First Women Bank
- Type: Private
- Industry: Banking Capital Markets
- Founded: December 2, 1989; 36 years ago
- Headquarters: Karachi-75530, Pakistan
- Key people: Farrukh Iqbal Khan (CEO)
- Products: Loans, credit cards, debit cards, savings, consumer banking, and bancassurance
- Revenue: Rs. 2.167 billion (US$7.8 million) (2023)
- Operating income: Rs. 457.354 million (US$1.6 million) (2023)
- Net income: Rs. 322.165 million (US$1.2 million) (2023)
- Total assets: Rs. 70.792 billion (US$250 million) (2023)
- Total equity: Rs. 3.082 billion (US$11 million) (2023)
- Owner: International Holding Company (100%)
- Website: fwbl.com.pk

= First Women Bank =

Pakistani state-owned commercial bank

First Women Bank Ltd. (FWBL) is a privately owned commercial bank. On 15 April 2026, the Bank entered a new era with the successful completion of its privatization, under which the Government of Pakistan transferred its shareholding and management control to EVE Holding RSC Limited, an affiliate of International Holding Company (IHC), of UAE. IHC is one of the region’s leading diversified investment conglomerates with interests across financial services, infrastructure, technology, healthcare, energy, and real estate with sovereign associations. The transaction is regarded as a landmark Government -to- Government privatization, reflecting a strategic partnership between Pakistan and the United Arab Emirates. Reinforcing its financial strength and stability, the Bank’s entity ratings were revised by PACRA on June 24, 2026 to ‘A’ (long term) and A1 ( short term).

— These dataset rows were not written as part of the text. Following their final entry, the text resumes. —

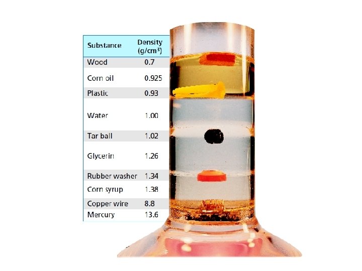 Density is the measure of mass per unit volume of a substance. • D = m/v • Density changes with temperature. Cold water is denser than warm water. If combined, the cold water would sink to the bottom of the warm water. • Density will change with physical state of matter. Ice is less dense than water. That means ice will float in water because ice expands when it freezes causing it to have a greater volume. • Water has a density of 1 g/m. L. Density Which is liquid water and which is ice (solid water)? How do you know the difference?
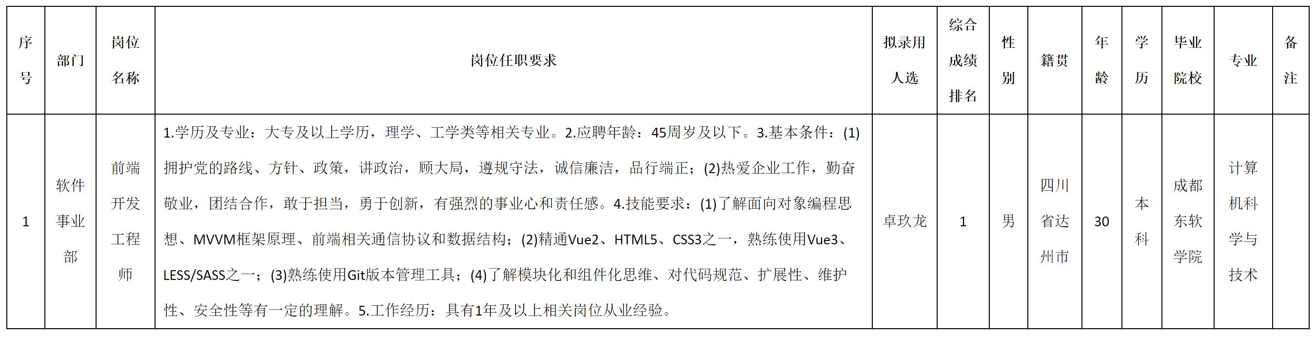 根據(jù)四川九強(qiáng)通信科技有限公司發(fā)布的招聘公告及招聘相關(guān)規(guī)定,經(jīng)測(cè)試、考察、體檢等程序,擬錄用卓玖龍同志到四川九強(qiáng)通信科技有限公司工作,現(xiàn)予以公示,具體情況如下:
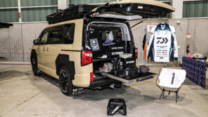 ランクルやハイエースだけでなく、D:5のカスタムカーも販売を開始したフレックスドリーム。ペンドルトンとコラボしたシートカバーやARBのサイドオーニングを装着したデモカーを展示。注目はセカンドシートを対面にできるMONOBOXシートで、D:5を所有している人も注目していた。(https://www.flexdream.jp/)
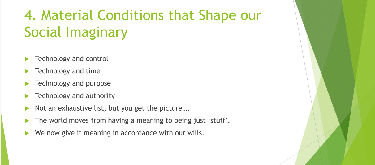 And fourthly, there are technological material conditions. I can only focus here on technology, there are others. Think about how technology shapes the way we imagine the world. The more technology we have, the more power we imagine we have. If you’re a medieval peasant, as my ancestors almost certainly would have been, you’re pretty beholden to the elements. You’re going to be rooted in agriculture. You have to sow your seed at a certain time of the year, and you have to harvest it at a certain time of the year. You are very, very dependent upon nature.
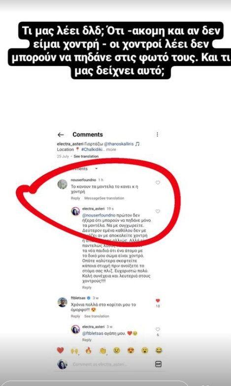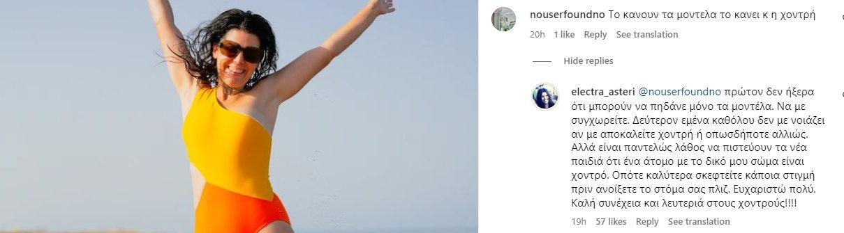 «Το κάνουν τα μοντέλα το κάνει κ η χοντρή», της έγραψαν. Η απάντησή της δεν άργησε να έρθει!
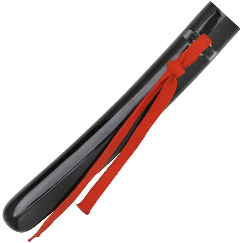 Having completed the assigned tasks, the student stands before the tribunal. He finds peace within while they deliberate. Soon the weaponsmaster approaches, offering the Elegant Samurai Tanto as confirmation of his new status. The fullered blade of the ornamental tanto is made from 6mm carbon steel. The handle is covered in authentic ray skin then wrapped in black leather. This ceremonial tanto comes with a black lacquer scabbard and a black carrying bag. While made from medium-carbon steel, this tanto lends an ornamental style and position rather than being suited for combat.

First Women Bank Limited (FWBL) is a Pakistani commercial bank for women with headquarters in Karachi.

== History ==
The blueprint for infrastructure of the Bank was designed by Akram Khatoon. She presented it in 1988 to then Prime Minister Benazir Bhutto, who approved to set up the bank in December 1988. The bank was incorporated with a paid up capital of PKR 100 million which was subscribed by the state-owned banks. Its original charter mandated that the bank would employ women and extend small business loans exclusively to women. he first branch of the bank was opened in Karachi in December 1989, and by 1991, it had 15 branches throughout the country.

The Cabinet Committee on Privatization (CCoP) approved transaction structures for the privatization of First Women Bank Ltd.

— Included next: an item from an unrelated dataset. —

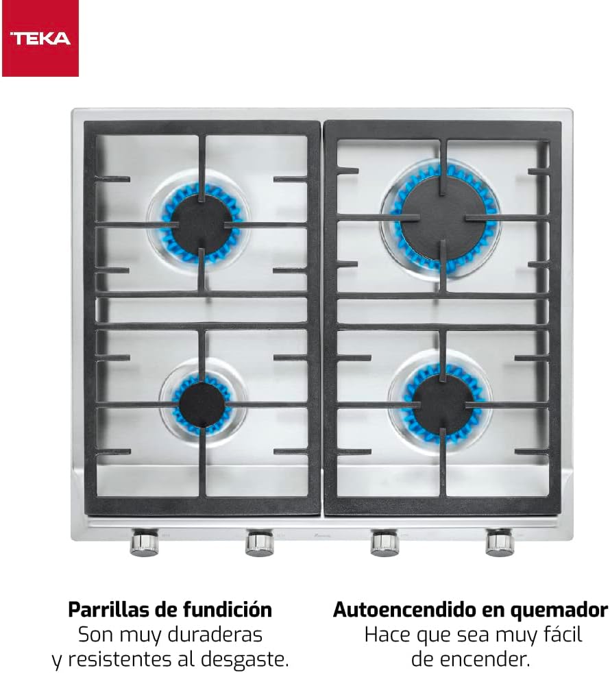 - Hohe Effizienz beim Kochen. Der Gaskocher Teka EX 60.1 4G AI AL CI NAT verfügt über 4 hocheffiziente Brenner, darunter einen 2,80-kW-Schnellbrenner, der sich ideal für verschiedene kulinarische Bedürfnisse vom Kochen bis zum Köcheln eignet.

After a hiatus of several years, in February 2024, the Federal Cabinet of the Government of Pakistan finally approved the privatization of the First Women Bank.
On October 16, 2025, Pakistan's federal cabinet approved the sale of its 82.64% stake in First Women Bank Limited (FWBL) to the United Arab Emirates-based International Holding Company (IHC) for $14.6 million (Rs4.1 billion). The transaction, conducted under the Inter-Governmental Commercial Transactions Act of 2022, marks the first privatization under this legislation. The deal, valued at Rs5 billion for the bank, allows the buyer to meet the minimum capital requirement of Rs10 billion over five years. FWBL, established in 1989 to promote financial inclusion for women, had a net equity of Rs3.2 billion as of December 2023.

The sale agreement has been signed on October 17, 2025, in the presence of Prime Minister Shehbaz Sharif. The IHC, chaired by Sheikh Tahnoon bin Zayed Al Nahyan, plans to expand FWBL’s 42 branches to 200 in the medium term and is permitted to reduce up to 10% of the workforce immediately, with remaining employees protected from layoffs for at least 18 months.